The following two tables show the compensation (salary and benefits) of instructional staff. The first one is CT, and the second is nationwide. It shows both the nominal dollar value in the "amount" column" and the 2011-adjusted dollars.

Note that for this and subsequent 2011-adjusted tables, the data in years after 2011 doesn't necessarily make sense

In [147]:
print csvframe(pay_timeline(["CT"]).set_index("year")\
.join(pay_timeline(postals()).set_index("year")
                                            ,rsuffix="_US",lsuffix="_CT")\
               .reset_index()[["year","2011 dollars_CT","2011 dollars_US"]])
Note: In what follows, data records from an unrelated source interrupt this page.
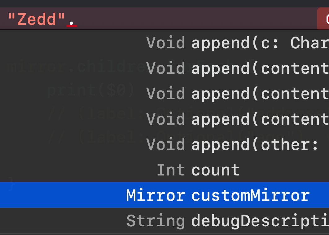 우리 지금 Mirror타입을 인스턴스 했기 때문에, Mirror의 인스턴스 프로퍼티에 접근이 가능해집니다.
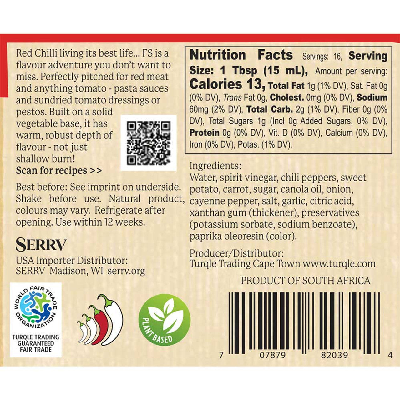 Fire Sauce: Water, spirit vinegar, chili peppers, sweet potato, carrot, sugar, canola oil, onion, cayenne pepper, salt, garlic, citric acid, xanthan gum (thickener), preservatives (potassium sorbate, sodium benzoate), paprika oleoresin (color).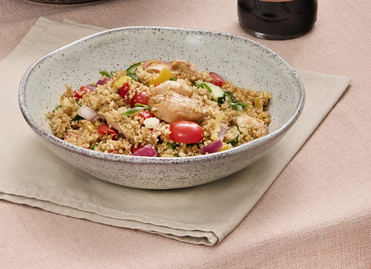 Coloque o cuscuz marroquino em uma tigela grande e tempere com sal e 1 colher de azeite. Quando a água ferver, hidrate o cuscuz e tampe com um pano. Reserve.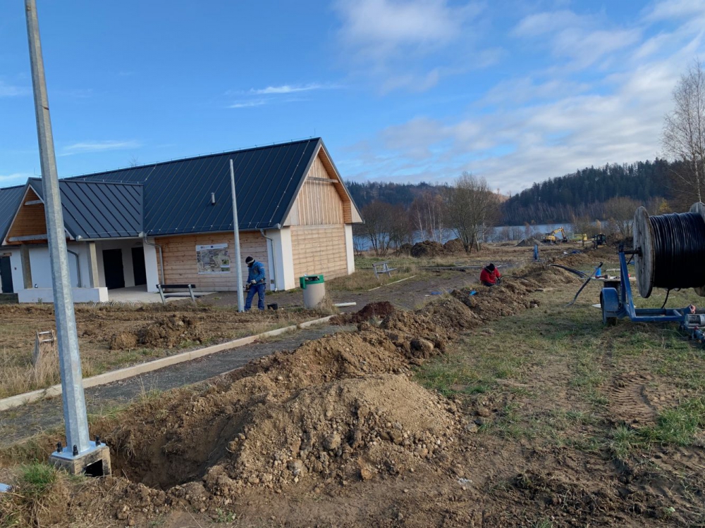 Nad zbiornikiem Bukówka cały czas trwają prace budowlane, realizujące zakres zagospodarowania terenu, na które dostaliśmy dofinansowanie z Unii Europejskiej (tzw. I etap zagospodarowania).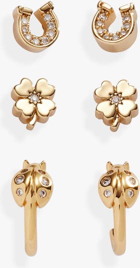 When you’ve got love and luck, you’ve got everything you need. This Love and Luck Set of 3 Stud Earrings and Huggie Hoops has three sets of crystal-accented lucky earrings: a set of horseshoes on posts, a set of four-leaf clovers on posts, and a set of ladybugs on huggie hoops. Wear them for a touch of good fortune, or combine them with other symbols that tell your story.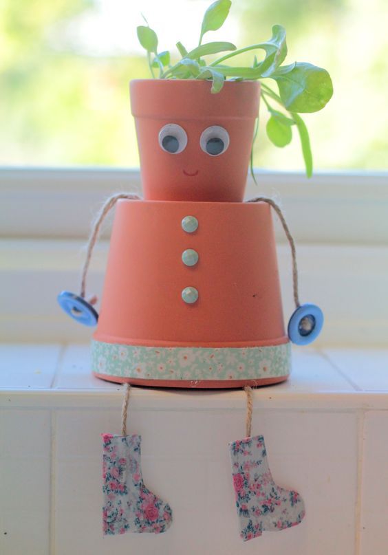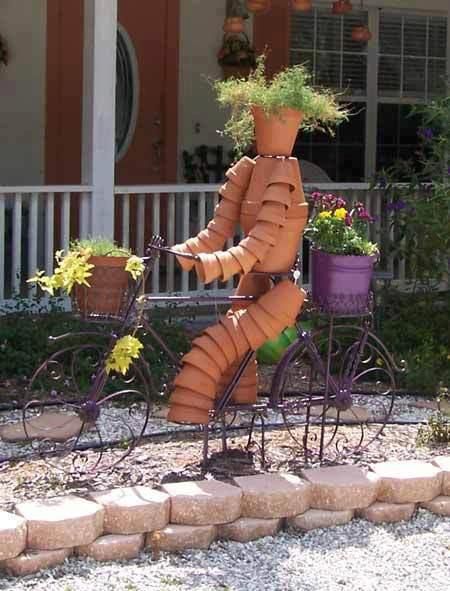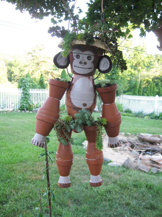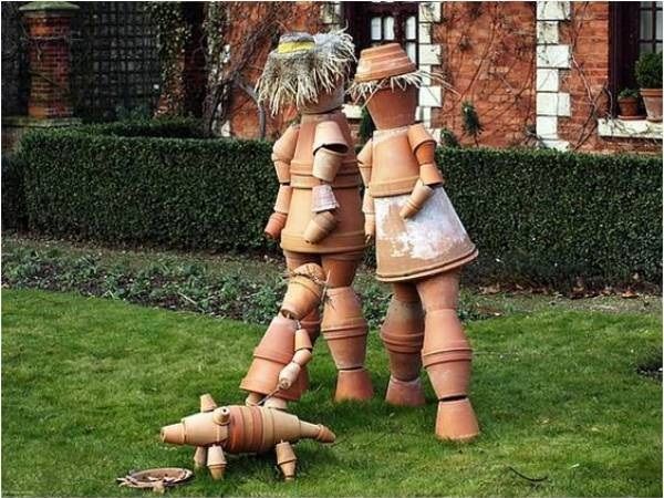 Grunden är enkel, terrakottakrukor på snöre eller ståltråd som fästs i varandra. Sedan är det bara fantasin som sätter gränser! Här är 14 roliga krukfigurer som förgyller din trädgård!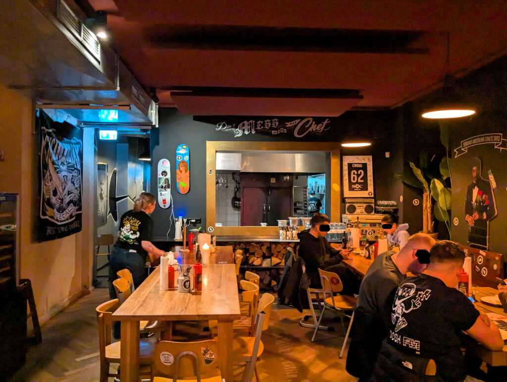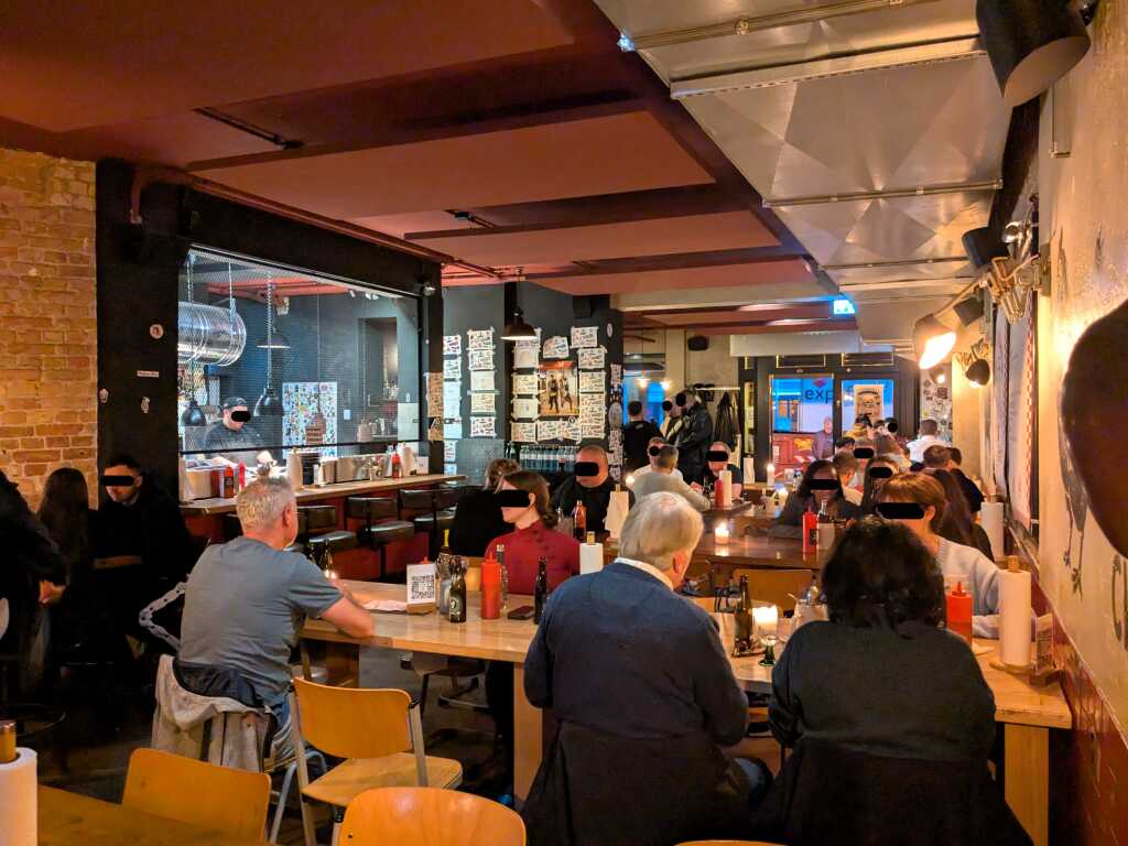 Um uns herum bestimmte ein auf ausgelassener Geselligkeit beruhender, energiegeladener „Buzzing Vibe“ die Szenerie. An der Decke angebrachte Schallschutzelemente schluckten einen Großteil des Geplappers, aber eben nicht alles. Wir saßen auf einfachem Holzgestühl – wie man es auch in den Klassenräumen weiterführender Schulen häufig vorfindet – an einem langen Holztisch, den wir uns mit einer anderen Gruppe (drei Personen) teilten – „Family Style“ halt.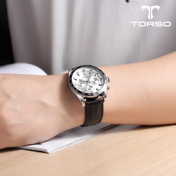 TORSO Мужские металлические часы Torso T503M Cassiopeia Multi Diamond Watch (кожаный ремешок в комплекте),Корейские популярные часы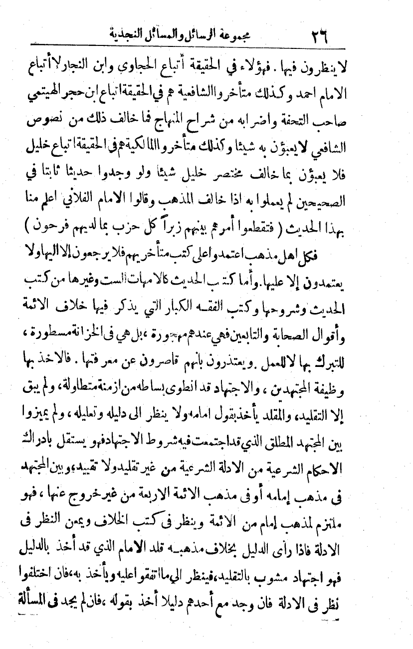 وأما كتب الحديث -كالأمهات الست وغيرها من كتب الحديث وشروحها-، وكتب الفقه الكبار التي يذكر فيها خلاف الأئمة وأقوال الصحابة والتابعين، فهي عندهم مهجورة، بل هي في الخزانة مسطورة، للتبرك بها لا للعمل. ويعتذرون بأنهم قاصرون عن معرفتها؛ فالأخذ بها وظيفة المجتهدين، والاجتهاد قد انطوى بساطه من أزمنة متطاولة، ولم يبقَ إلا التقليد، والمقلِّد يأخذ بقول إمامه، ولا ينظر إلى دليلِه وتعليلِه.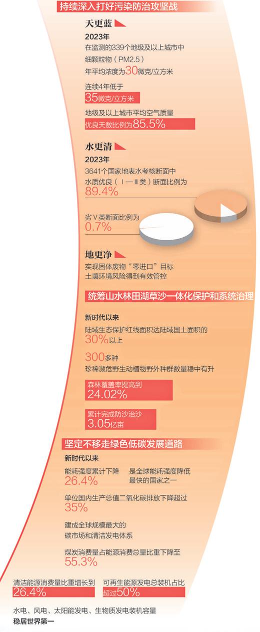 結合一年來在推進中國式現代化過程中生態文明建設的新成就新探索,代表委員表示,要持之以恒推進生態文明建設,協同推進降碳、減污、擴綠、增長,以高品質生態環境支撐高質量發展,加快推進人與自然和諧共生的現代化。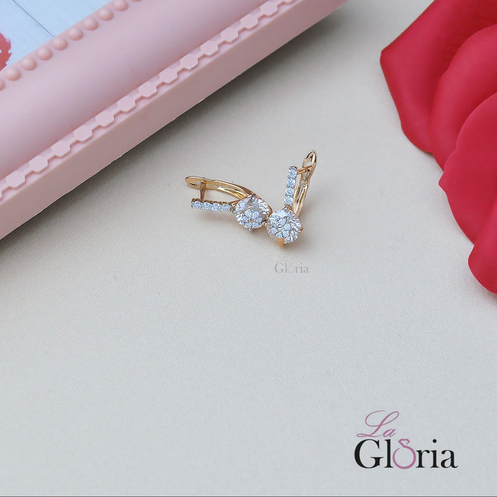 أقراط صغيرة متدلية بتصميم أنيق باللون الذهبي، مزينة بأحجار كريستالية شفافة تضفي بريقًا راقيًا. تتميز بحلق مزدوج الشريط مزين بأحجار صغيرة مع حجر مركزي أكبر يعطي لمسة فاخرة وبسيطة في نفس الوقت. مطلي بالذهب عيار 18 مكفول سنة لتغير اللون.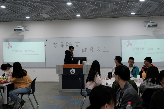 为深入学习贯彻全国教育大会、全国高校思想政治工作会议、全国研究生教育会议精神,进一步加强我校2020级研究生新生教育,引导新生尽快适应大学生活,坚定理想信念,在304am永利集团官网领导和老师们的大力支持下,2020级电子信息专硕班团委共同组织了“禁毒防艾,健康人生”研究生新生主题教育活动。活动于10月7日晚在学院楼6号楼106举行,由班长刘泽辰主持。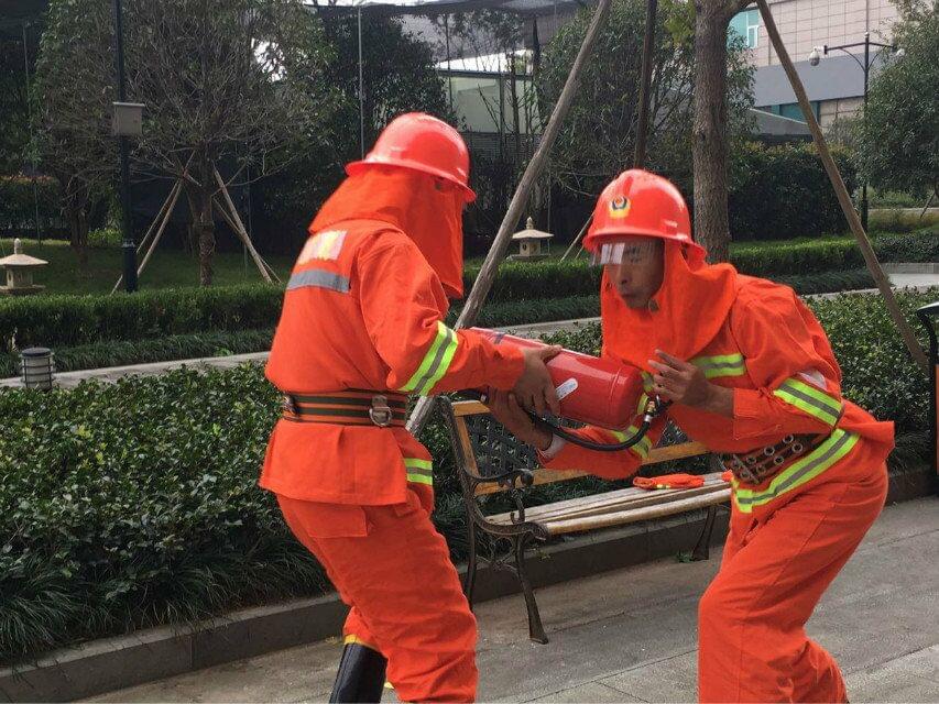 第一天首先進行的是商管組。商管組比賽內(nèi)容是4*100米接力滅火操作及二人二盤水袋連接出水操作。4*100米接力滅火比賽規(guī)則為第一名參賽隊員聽到預備口令時,在起點線做好起跑準備,另外3名隊員分別在100米處和起點線做好交接準備,輔助人員將油盆的火點燃。聽到起跑信號,第一名隊員立即拿起滅火器向前跑(第一次搶跑重跑,第二次再搶跑的不記取成績),到100米處將滅火器交給第二名隊員,其他隊員以此類推。第四名隊員攜帶滅火器跑至油盆區(qū),利用滅火器將油盆的火撲滅后沖出終點線。二人二盤水袋比賽規(guī)則為連接出水操作聽到“開始”的口令或信號,第一名隊員先甩開第一盤水帶,將一端接口交給第二名隊員,第二名隊員將水帶連接在分水器上,做好出水準備;第一名隊員攜帶水帶另一端和另一盤水帶向射水線跑動,在跑動過程中將第一盤的水帶接口與第二盤水帶進行連接并鋪設(shè)好第二盤水帶,動作完成后連接好水槍在射水線做好打靶準備,然后示意第一名隊員出水,待水槍出水后將靶打到。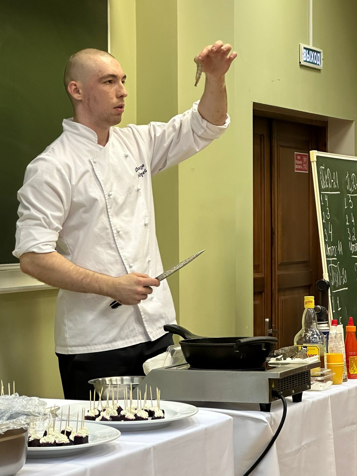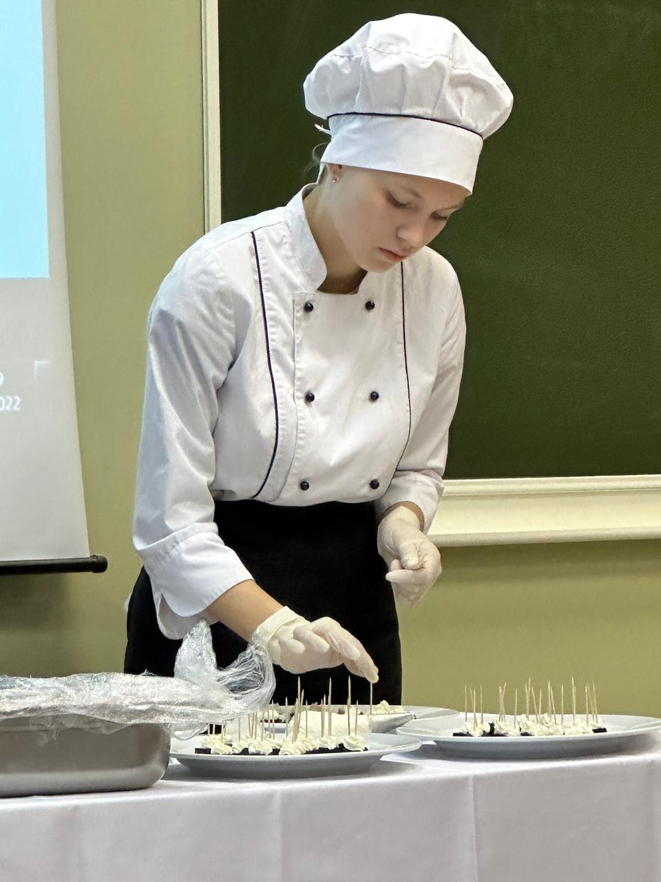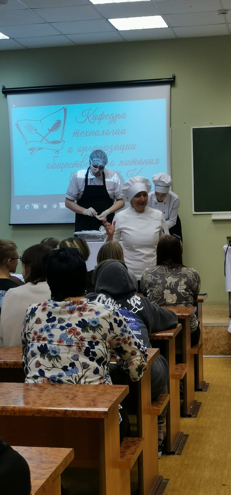 Насыщенная программа началась с небольшого экскурса в виде презентации о кафедре и проводимых ею мероприятиях, студенческой жизни и важных профессиональных событиях в период обучения. Было отмечено, что хорошие повара очень ценятся и могут сделать блестящую карьеру, но для стремительного взлета к вершинам успеха нужно хорошо учиться и много знать и уметь. Мода и тенденции в сфере кулинарии постоянно меняются, так что высококлассному повару необходимо всегда быть в курсе актуальных кулинарных тенденций и современных технологий.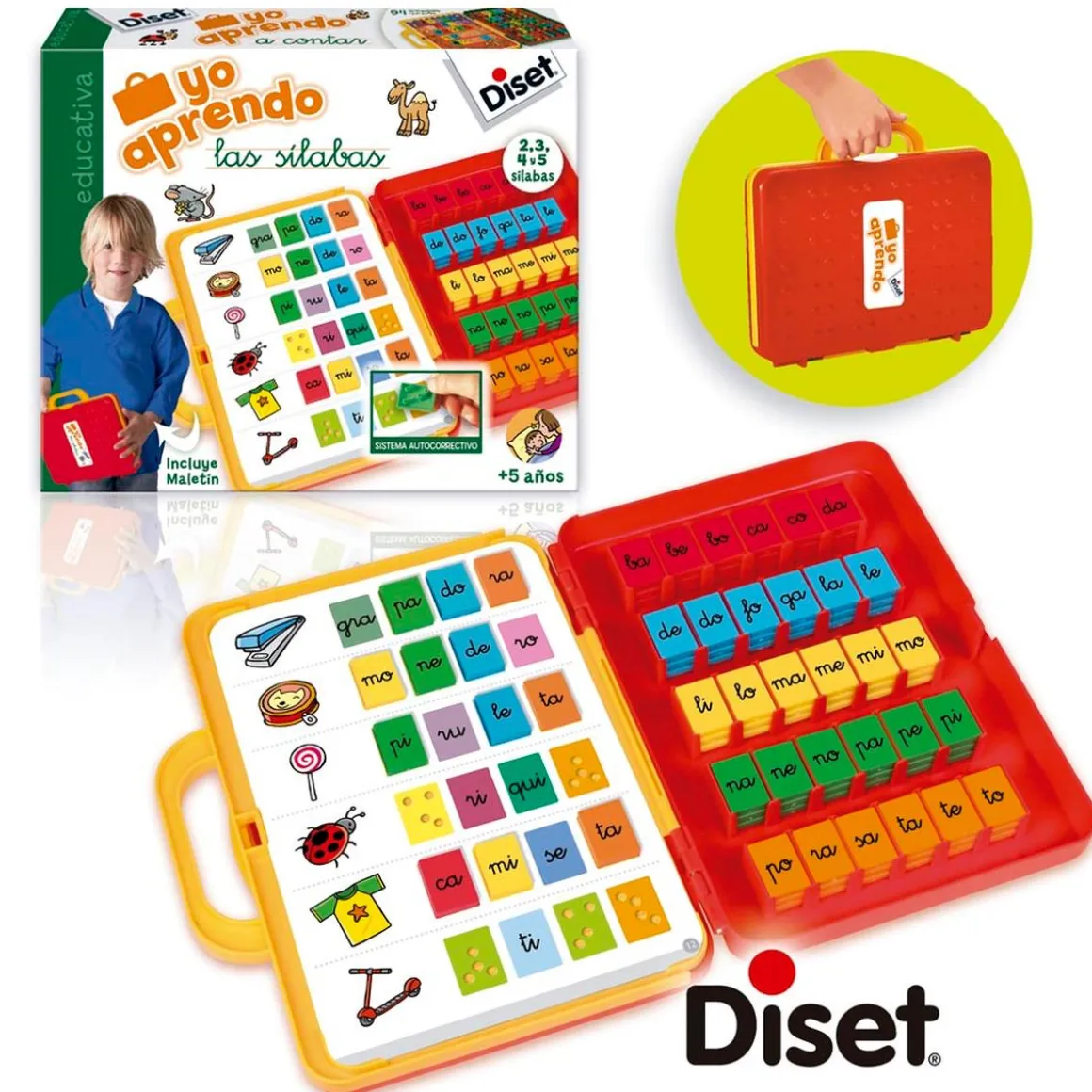 Yo aprendo las sílabas es el juego educativo de Diset auto correctivo: Las sílabas solo encajan en la casilla correcta de su color. Aprende tú solo a separar por sílabas. El color de la casilla ayuda al niño a reconocer la sílaba que tiene que poner. Cómodo maletín para transportar, guardar en el compartimento especial las 15 láminas y jugar con él. Una vez guardadas en su sitio, las letras no se caen.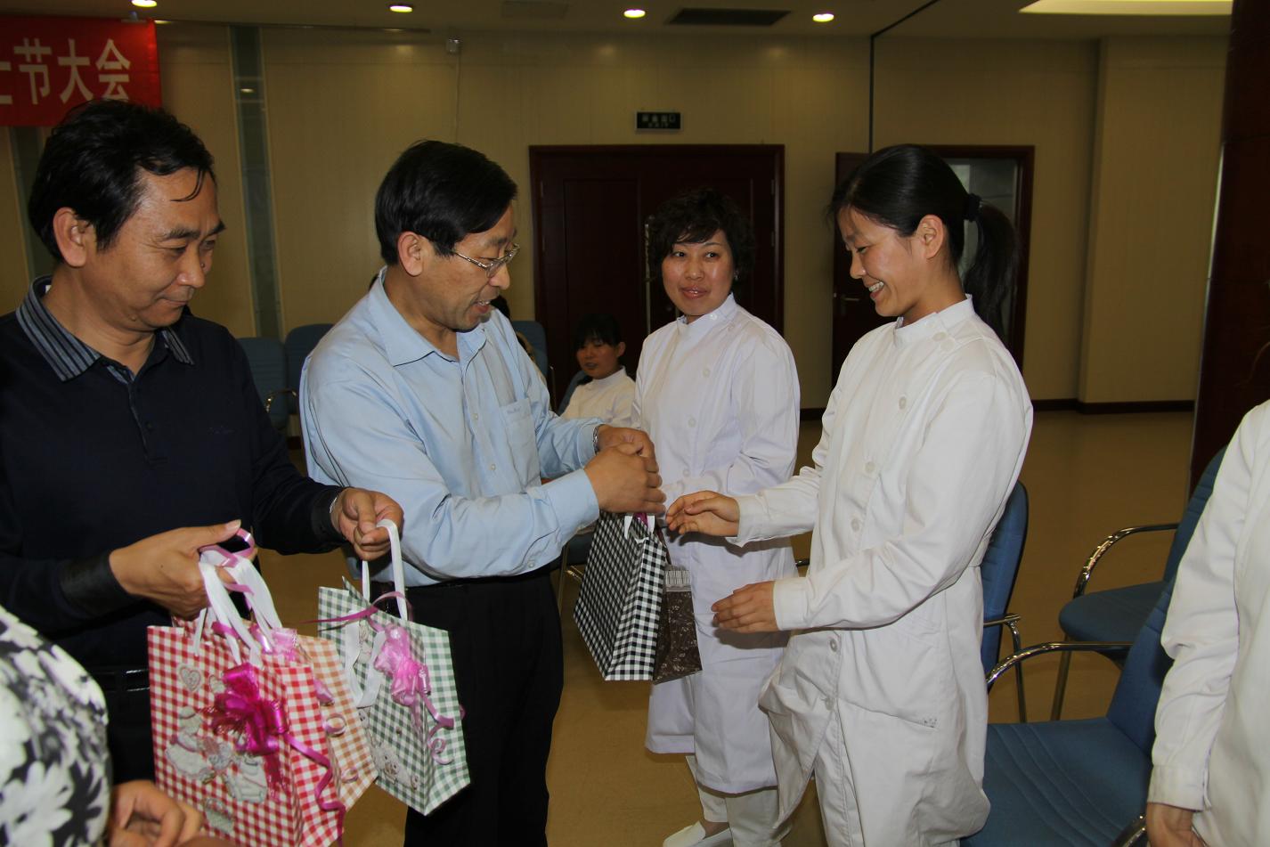 高副书记、郑校长助理为两名2010年度优秀护士侯立、王瑾颁发了荣誉证书。校工会、学工部、研工部、离退休工作处领导向医护人员祝贺节日,感谢医护人员为提高师生员工健康水平所做的努力。校工会代表全校教职员工为医护人员精心准备了节日纪念品。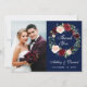 Carte de remerciement de mariage avec couronne florale aquarelle burgundy marsala bleu - Dos bleu

ERROR Converting to numeric value: M in  NV 1991  AIDES
ERROR Converting to numeric value: M in  NV 1991  AIDES
year	2011 dollars_CT	2011 dollars_US
1991	85229	65691
1992	87325	65912
1993	86267	65923
1994	85898	65683
1995	83550	66264
1996	81927	65217
1997	77978	64954
1998	76769	64978
1999	76468	64834
2000	75994	66090
2001	75854	67082
2002	78152	69165
2003	79941	70331
2004	85464	69920
2005	87813	70287
2006	89609	70805
2007	89216	72315
2008	77384	72870
2009	86274	75385
2010	86559	77612
2011	86971	75547
2012	86386	73136
2013	86882	73171



In [133]:
pay_timeline(postals())

ERROR Converting to numeric value: M in  NV 1991  AIDES
ERROR Converting to numeric value: M in  NV 1991  AIDES


Unnamed: 0,year,amount,2011 dollars
0,1991,39776,65691
1,1992,41111,65912
2,1993,42349,65923
3,1994,43275,65683
4,1995,44895,66264
5,1996,45491,65217
6,1997,46347,64954
7,1998,47086,64978
8,1999,48019,64834
9,2000,50595,66090


# * Was there really a decline in 2007 to 2008 in CT?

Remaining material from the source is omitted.